WHAT IS REQUIRED | Reproduce from the records below, with no pictures, exactly the lines between the one containing "تلفن:5- 88349670 (021)" and the one containing "第二天,他就给川普提交了一份", inclusive.

INFORMATION SUPPLIED |
━━━━━━━━━━━━━━━━━━━━━━━━━━━━━━
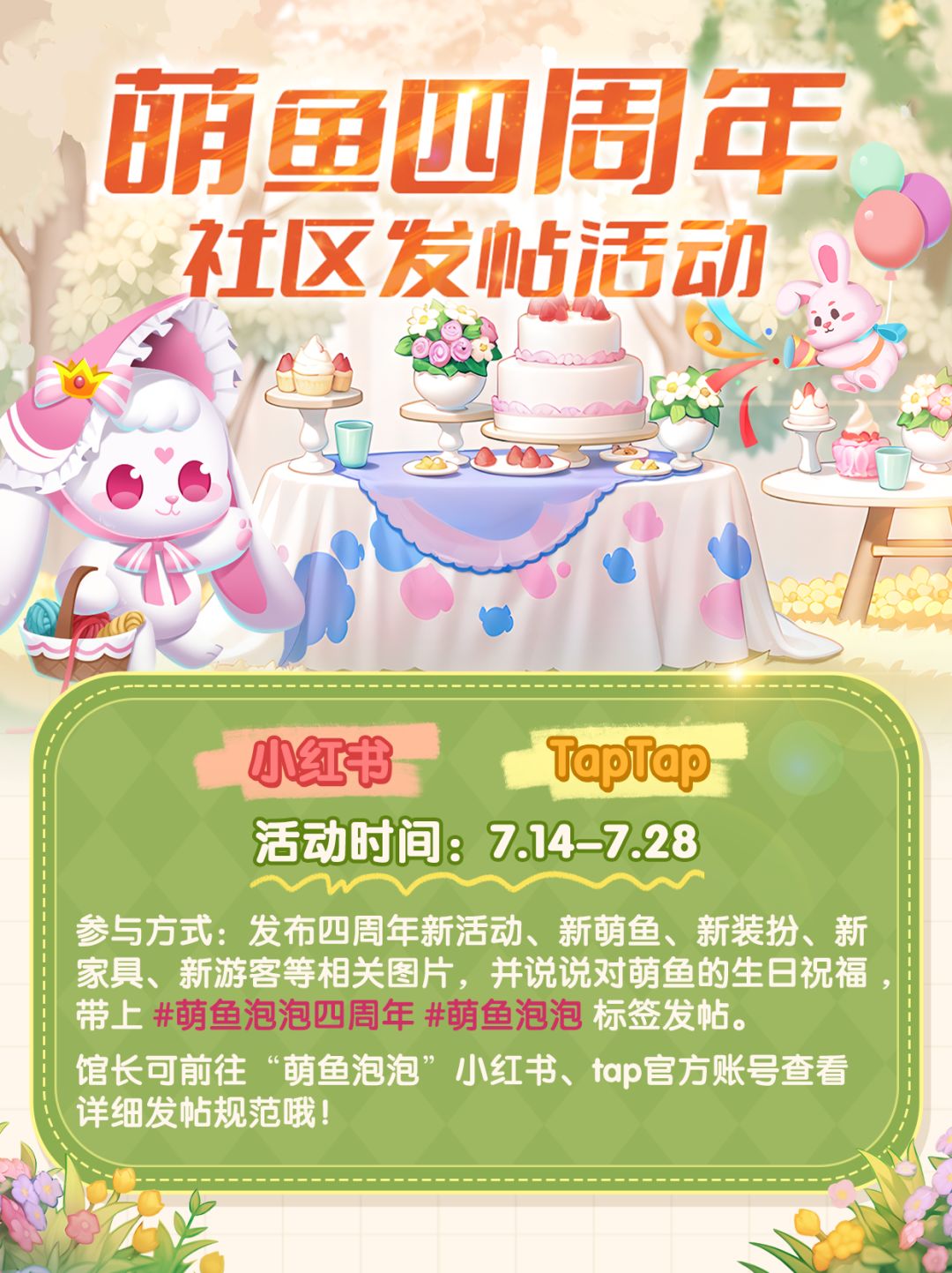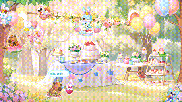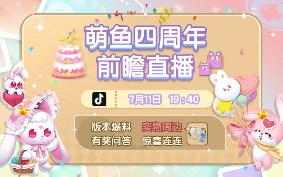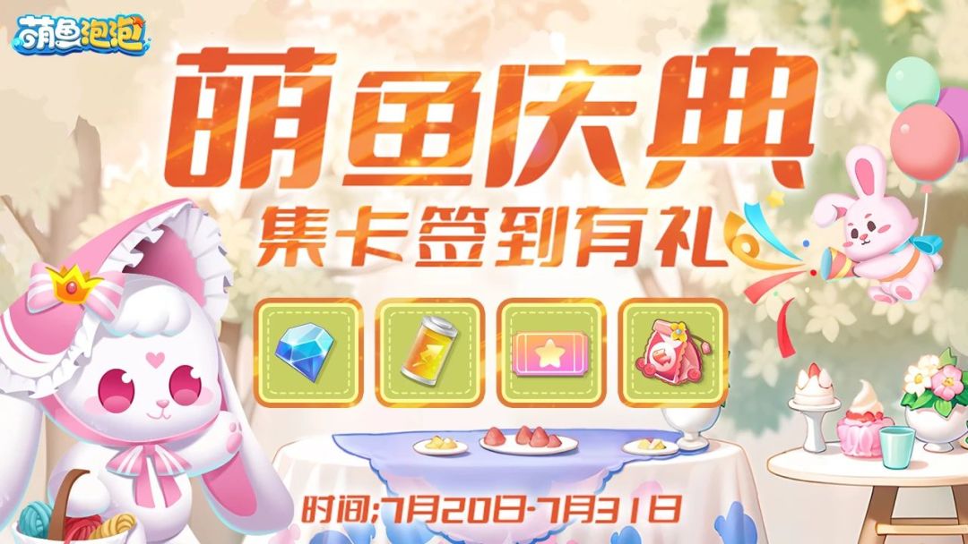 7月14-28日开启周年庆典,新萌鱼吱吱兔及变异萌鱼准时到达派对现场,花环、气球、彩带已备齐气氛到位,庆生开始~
━━━━━━━━━━━━━━━━━━━━━━━━━━━━━━
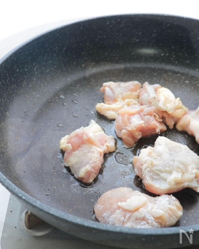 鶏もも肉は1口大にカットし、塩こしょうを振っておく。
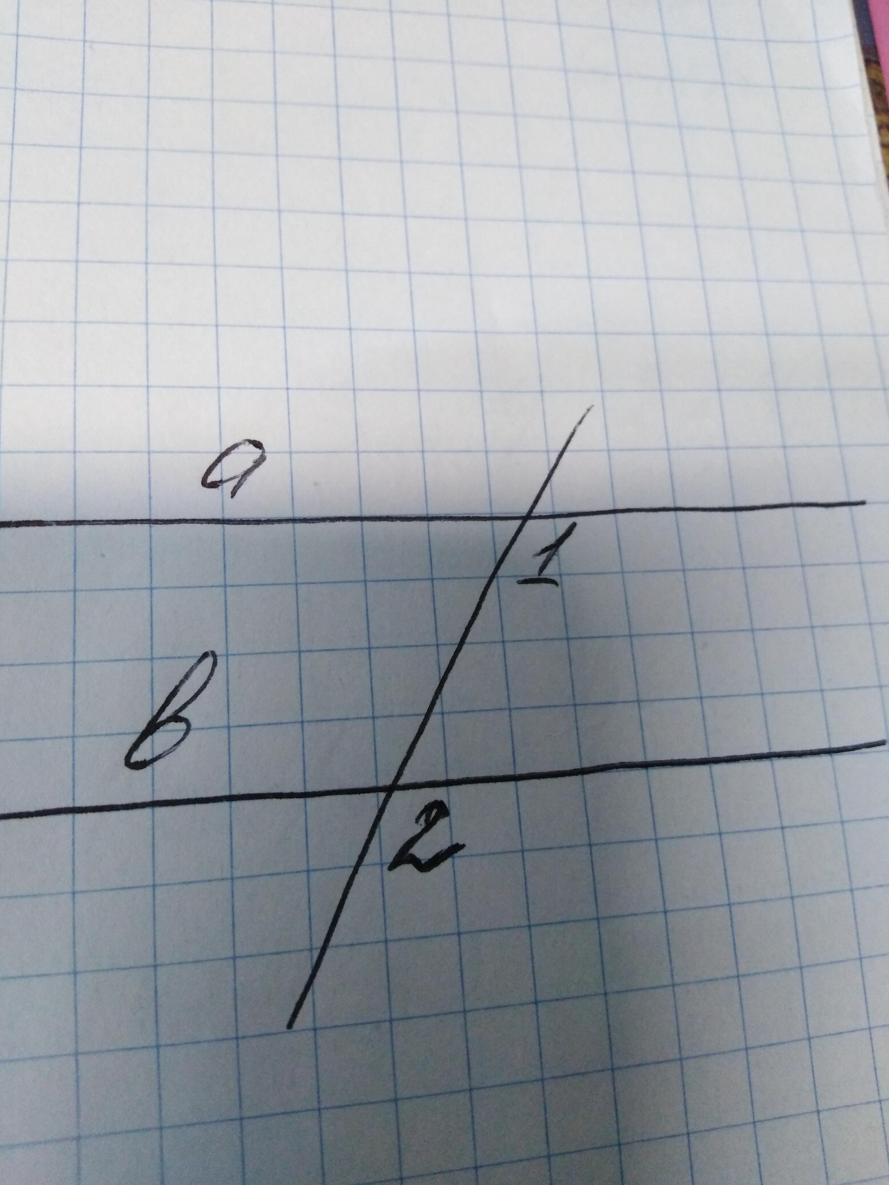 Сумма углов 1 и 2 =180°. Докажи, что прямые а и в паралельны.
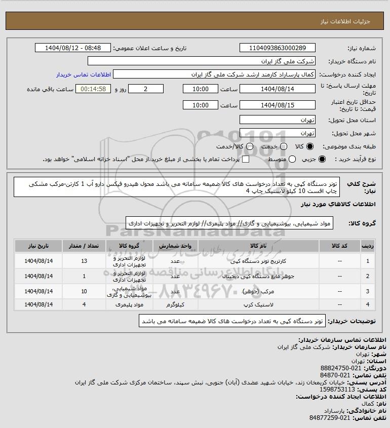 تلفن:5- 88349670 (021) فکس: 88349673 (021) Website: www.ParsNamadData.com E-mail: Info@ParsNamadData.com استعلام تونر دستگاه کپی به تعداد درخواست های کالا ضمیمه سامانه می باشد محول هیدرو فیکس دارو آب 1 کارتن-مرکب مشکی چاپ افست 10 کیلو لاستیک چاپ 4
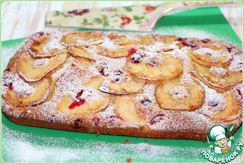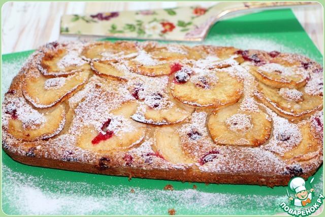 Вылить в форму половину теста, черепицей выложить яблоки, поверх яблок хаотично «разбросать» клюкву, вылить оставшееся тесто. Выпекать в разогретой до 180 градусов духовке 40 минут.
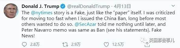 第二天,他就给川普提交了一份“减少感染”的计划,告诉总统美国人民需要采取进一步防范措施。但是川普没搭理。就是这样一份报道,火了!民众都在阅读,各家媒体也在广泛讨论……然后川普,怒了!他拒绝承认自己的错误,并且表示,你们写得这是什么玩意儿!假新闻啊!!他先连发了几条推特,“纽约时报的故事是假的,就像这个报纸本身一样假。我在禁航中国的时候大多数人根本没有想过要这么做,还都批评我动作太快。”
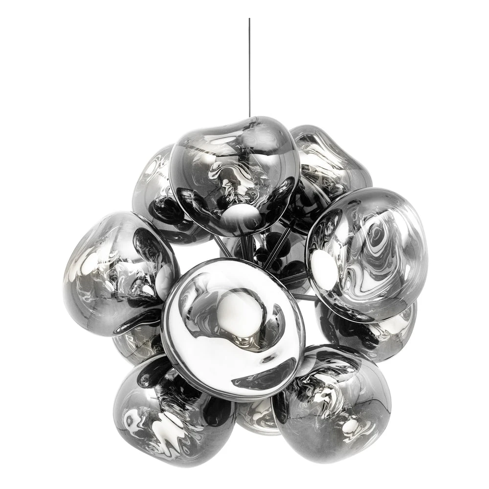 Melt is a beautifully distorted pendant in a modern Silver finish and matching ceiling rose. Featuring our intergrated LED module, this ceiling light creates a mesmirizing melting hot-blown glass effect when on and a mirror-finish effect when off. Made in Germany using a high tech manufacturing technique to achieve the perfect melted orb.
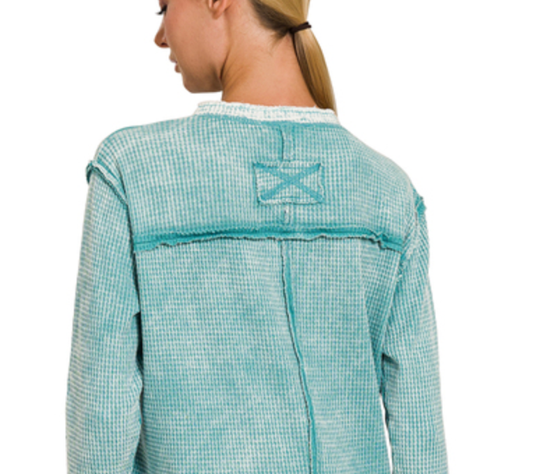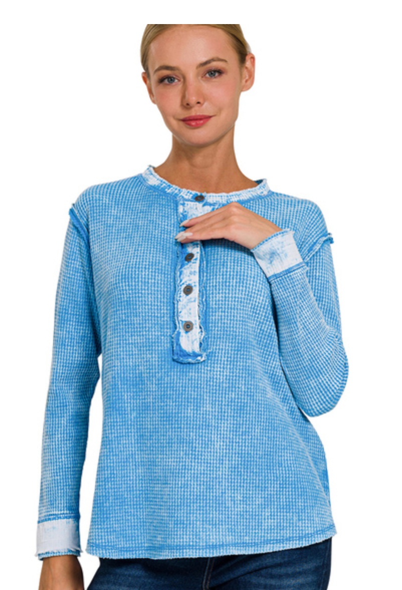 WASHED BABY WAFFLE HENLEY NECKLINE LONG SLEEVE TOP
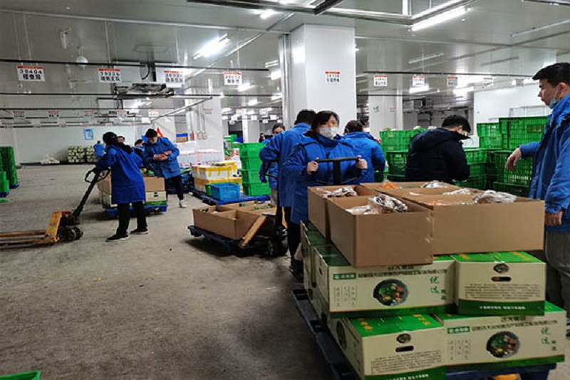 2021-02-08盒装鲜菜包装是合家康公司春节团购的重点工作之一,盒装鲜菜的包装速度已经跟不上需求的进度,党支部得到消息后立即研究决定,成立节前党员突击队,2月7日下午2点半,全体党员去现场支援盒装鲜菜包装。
━━━━━━━━━━━━━━━━━━━━━━━━━━━━━━
RESULT |
 تلفن:5- 88349670 (021) فکس: 88349673 (021) Website: www.ParsNamadData.com E-mail: Info@ParsNamadData.com استعلام تونر دستگاه کپی به تعداد درخواست های کالا ضمیمه سامانه می باشد محول هیدرو فیکس دارو آب 1 کارتن-مرکب مشکی چاپ افست 10 کیلو لاستیک چاپ 4
 Вылить в форму половину теста, черепицей выложить яблоки, поверх яблок хаотично «разбросать» клюкву, вылить оставшееся тесто. Выпекать в разогретой до 180 градусов духовке 40 минут.
 第二天,他就给川普提交了一份“减少感染”的计划,告诉总统美国人民需要采取进一步防范措施。但是川普没搭理。就是这样一份报道,火了!民众都在阅读,各家媒体也在广泛讨论……然后川普,怒了!他拒绝承认自己的错误,并且表示,你们写得这是什么玩意儿!假新闻啊!!他先连发了几条推特,“纽约时报的故事是假的,就像这个报纸本身一样假。我在禁航中国的时候大多数人根本没有想过要这么做,还都批评我动作太快。”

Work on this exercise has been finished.